Abstract

Background: Worldwide, bacteremia is one of the serious infections that cause significant morbidity and mortality in hospitalized patients. A wide range of microorganisms have been implicated in the etiology of BSIs. Early detection of these pathogens along with the determination of antimicrobial susceptibility patterns have been shown to improve treatment outcomes. The present study aimed to determine the microbiological profile of BSIs in a major tertiary care hospital in North India.

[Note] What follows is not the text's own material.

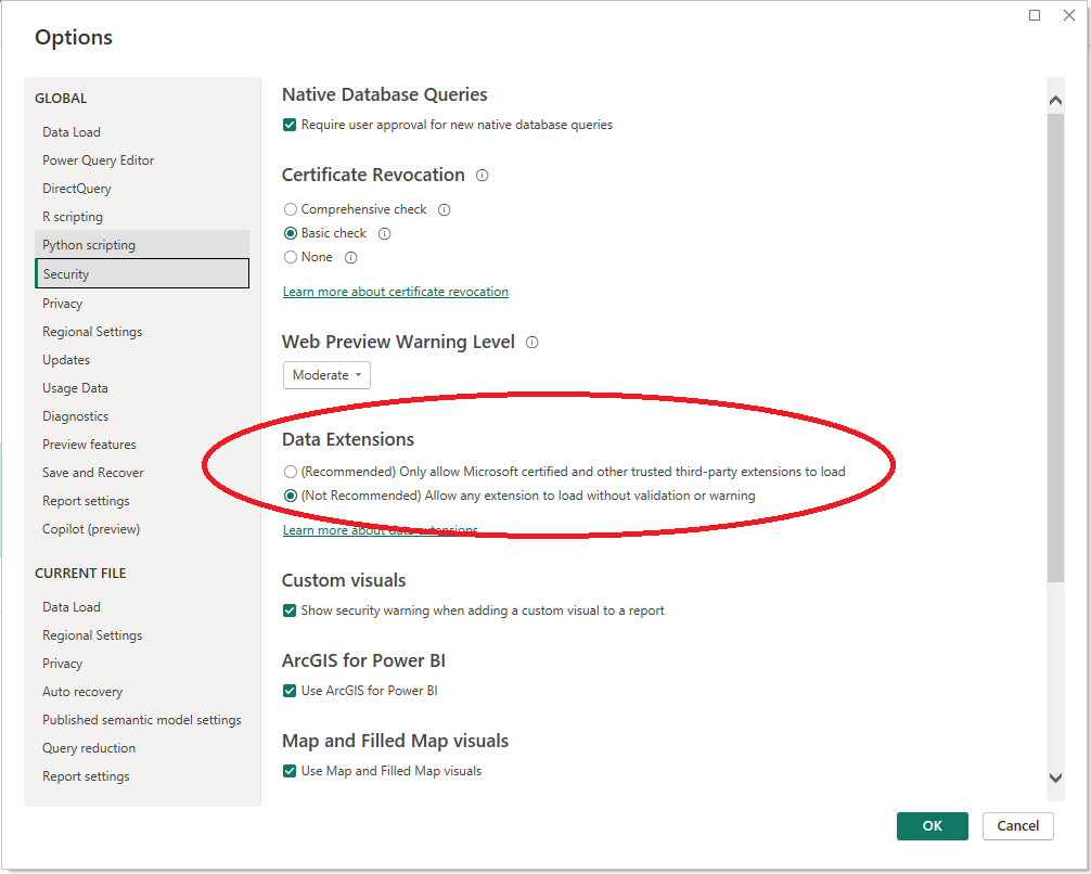 Now is the time to dive into Power BI! Open your Power BI Desktop app and go to options and settings > Options > Security. There you will find section Data Extensions. Switch from the recomended option to not recomended. You dont have to wory about any security problems. If you choose your custom connectors and data extension wisely and from trusted sources such as this documentation you won't encounter any problems.&#x20;

 Materials and Methods: This is a cross-sectional study conducted in the Department of Microbiology Government Medical College Srinagar. Blood samples submitted in brain heart infusion (BHI) broth for culture and sensitivity over a period of one year from September 2021 to 30th August 2022 were included in the study and processed per standard laboratory protocol techniques for isolating and identifying pathogens causing BSI. The antimicrobial susceptibility of bacterial isolates was determined by the disc diffusion method as per Clinical and Laboratory Standards Institute (CLSI) guidelines.
 Results: Out of 4260 blood samples, 1204(28.26%) isolates were obtained. Of these isolates, 575(47.75%) were Gram‑positive bacteria and 468 (38.87%) were Gram‑negative bacteria. Candida species were isolated from 161(13.7%) positive samples and 32 showed contamination. The most commonly identified organism was Coagulase‑negative Staphylococcus (CoNS) (22.59%) followed by Staphylococcus aureus(17.69%), Acinetobacter spp. (13.70%), Klebsiella spp (10.13%) and Escherichia coli (6.47%). Among the gram-positive bacteria, maximum resistance was seen with methicillin and azithromycin. No resistance was seen with vancomycin and linezolid. Most of the gram-negative bacilli were multidrug-resistant. Maximum resistance was seen with ampicillin(91.7%), amoxiclav (86.5%), ceftriaxone (88.5%), and gentamicin (60.9%). Higher prevalence of resistance was observed in Gram‑negative bacteria when compared with Gram‑positive bacteria.
 Conclusion: Hence, empirical treatment of BSIs should be based on the current knowledge of bacterial resistance profiles as provided by microbiology laboratory reports. The results of this study warrant continuous monitoring of antimicrobial patterns for the clinicians along with judicious antibiotic policy to mandate antimicrobial sensitivity testing against the BSIs in the hospital setup so that appropriate therapeutic measures should be taken at the earliest.